Should children do the intermittent fasting?

It’s not advisable for children. Their bodies are still developing and has a different requirements from adults.

Can I take additional weight loss supplement?

Yes, there’s no harm in doing that. A weight loss supplement will enhance the weight loss activity of the intermittent fast.

What do you think – should you try it?

As I’ve said before, it’s not for everyone. One you’re healthy enough and want to try it, then by all means go on.

Let’s leave the science for a bit.

What’s one of the best benefits of intermittent fasting?

It makes your life simpler. One less stress to put up with.

More correctly,one less meal to prepare for.

Intermittent fasting makes things simpler as you don’t have to plan, cook or wash dishes after so many meals.

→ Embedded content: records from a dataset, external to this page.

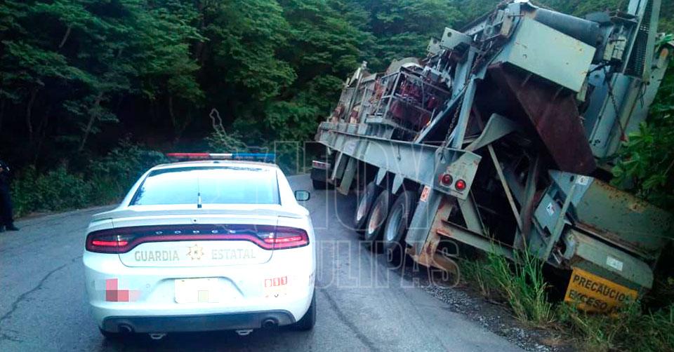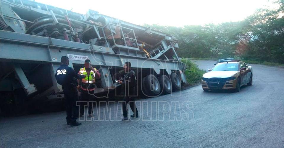Ciudad Mante, Tamaulipas. - Elementos de la Guardia Estatal auxiliaron a los ocupantes de un tráiler que remolcaba maquinaria pesada, luego de que se accidentó en la región de Ciudad Mante.
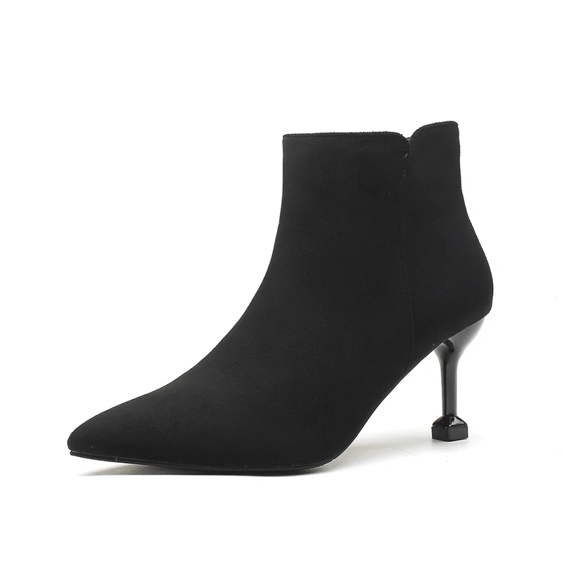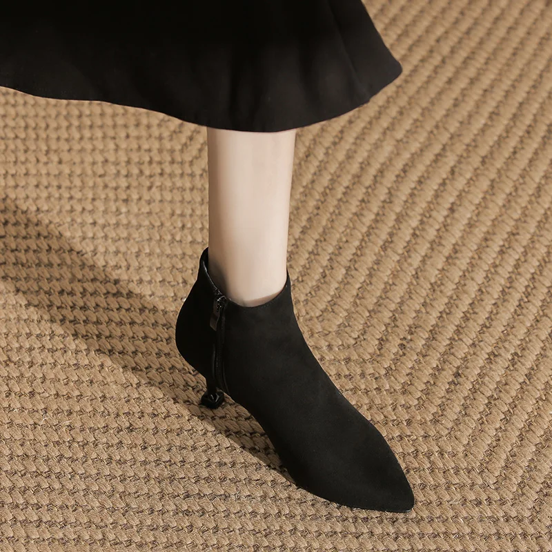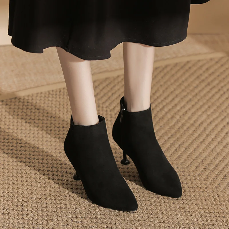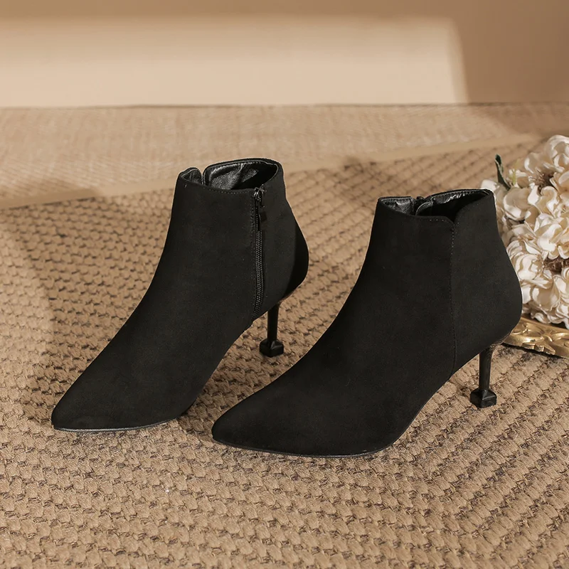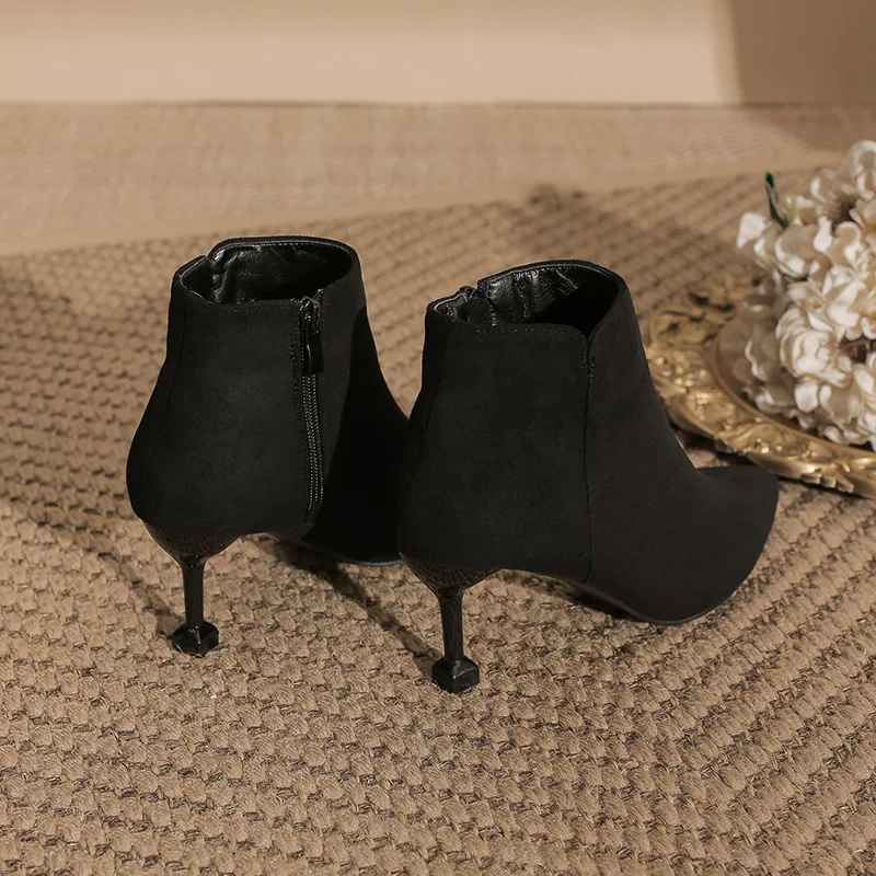 Black Suede Pointed Toe Stiletto Heel Ankle Boots, Back Zipper Winter & Autumn Boots
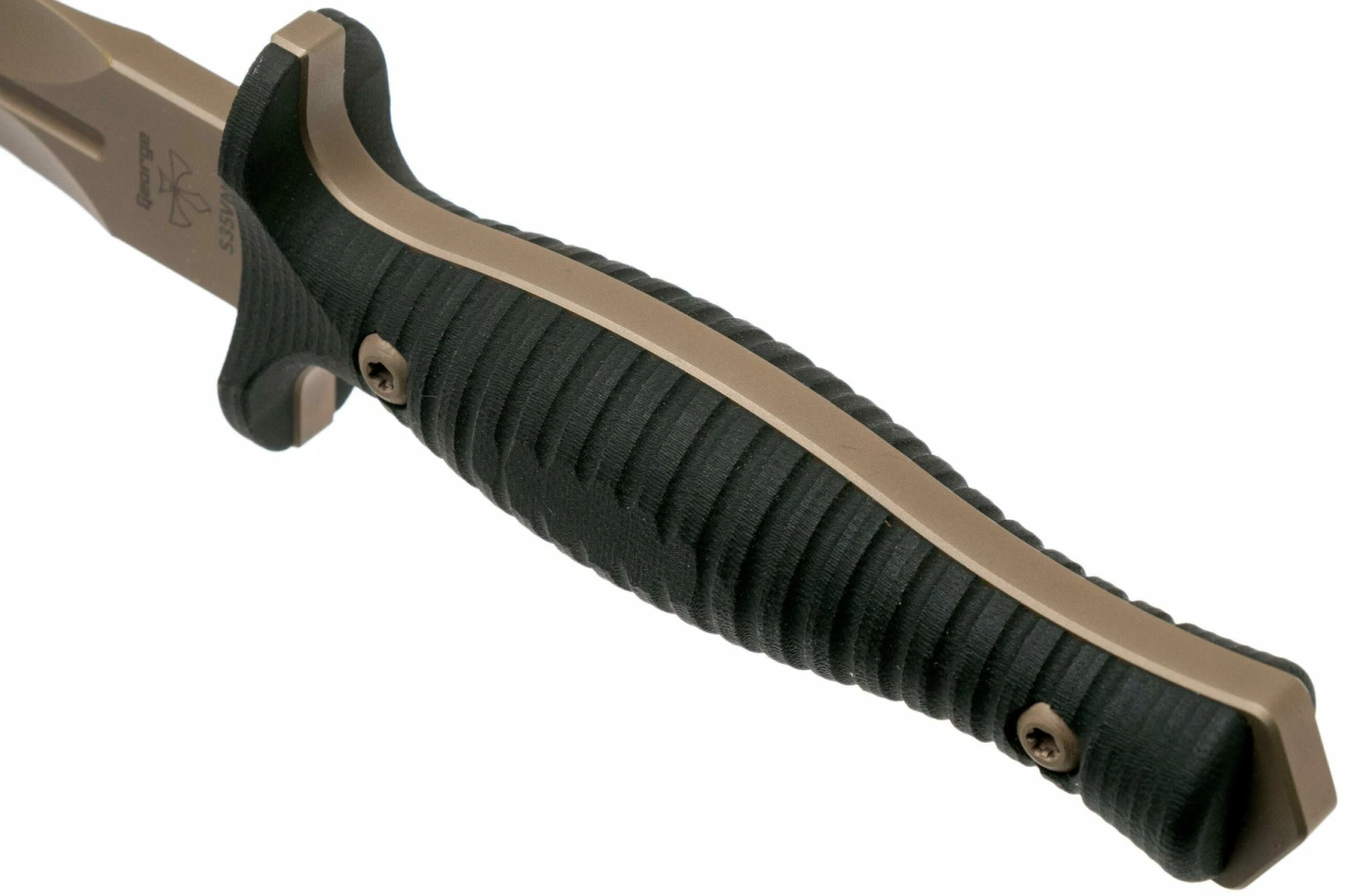 La Espartan Blades George V14 Dagger es una daga resistente, diseñada por Les George. Los entusiastas notarán de inmediato que George se inspiró en las famosas dagas Fairbairn-Sykes y Applegate que se utilizaron en muchas guerras del siglo anterior. Esta daga tiene una hoja ligeramente similar e incluso el mango puede recordar a esos cuchillos.

Just a few would do.

Conclusion

Intermittent fasting is a great way to keep your calorie intake in check. Once you always keep to the no binge rule.

If you’re doing it for weight loss, be sure to couple it with some exercises. As this would make your result faster and more obvious.

One of the great things about intermittent fasting is that along the line your body gets used to it. It becomes sort of your lifestyle. And you wouldn’t even need to think about it anymore, you just do it.